Rockstars on the boat

The girls have maintained somewhat of a celebrity status onboard this ship. Over a thousand passengers and staff know their names and greet them constantly. When we enter elevators, guests seem a little starstruck overly finally getting a chance to chat with children. Olivia who is normally the social butterfly is even getting tired of the compliments and people touching her hair. I have to nudge her in order to muster a smile back.

But despite this temporary fame and glory, it’s funny how just a few Uncle Scrooges can ruin a day, an hour or an afternoon swim. A few have screamed at the girls so immaturely that I am actually proud of my children in these situations.

One family we met onboard have quite a difficult situation. After a traumatic death of the eldest daughter (18 yrs old), the mom and 2 siblings decided to break several months of mourning with this cruise to see if it could brighten their spirits. On top of this tragedy, the other daughter has throat cancer, is in terrible pain 24/7 and brought along her service dog (a little Chihuhua) on the boat. They have had numerous “Uncle Scrooges” scream at them and even try to kick their dog on the boat calling them and the dog all kind of names. Mind you, that the dog wears a service jacket at all times and has never misbehaved much less made a peep this entire trip. In fact, you barely notice the dog because it is so tiny and is basically trained not to move around from whatever position it is placed. This is such a damper on their trip since they are such lovely people that we have had the pleasure to meet.

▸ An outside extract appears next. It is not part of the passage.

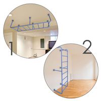 Absolutna łatwość montażu zestawu. Tata poradzi sobie z nim sam! Dostarczane drabinki są w formie złożonej, jako dwie zmontowane półdrabinki gotowe do nałożenia jedna na drugą. Forma konstruktora pozwala dołożyć dodatkowe elementy typu lina, koła gimnastyczne czy huśtawka. Osoby, które nie mogą się zdecydować gdzie taki zestaw zamontować – zawsze mogą wybrać wersję montowaną rozporowo między sufitem i podłogą, co nie wymaga wiercenia otworów w ścianie i pozwoli w przyszłości bezproblemowo przenieść drabinkę na nowe miejsce. Wersja rozporowa także dopasowuje się do wysokości mieszkania. Najmniejszy zestaw zajmuje zaledwie około 0,6 m2. Nasz zestaw Kometa-1 z powodzeniem został zamontowany w pokoju o powierzchni 10,5 m2.

It’s easy though to find myself being that “bah-hum-bug” person sometimes. Wanting to be first in line because kids are crying or basically putting the “me me me” in front of the “others”. However, I feel like more and more I am able to take a step back, look at the situation swirling around me and feel like I am at the calm of the storm… happy.

At first, the elderly on this boat seemed lifeless, going around slowly — with canes or wheelchairs and barely able to talk. But after 4 weeks into the journey, I realize the majority are some of the liveliest, inspirational, stable and happy bunch of folks that I have ever met. They are the real rockstars on the boat!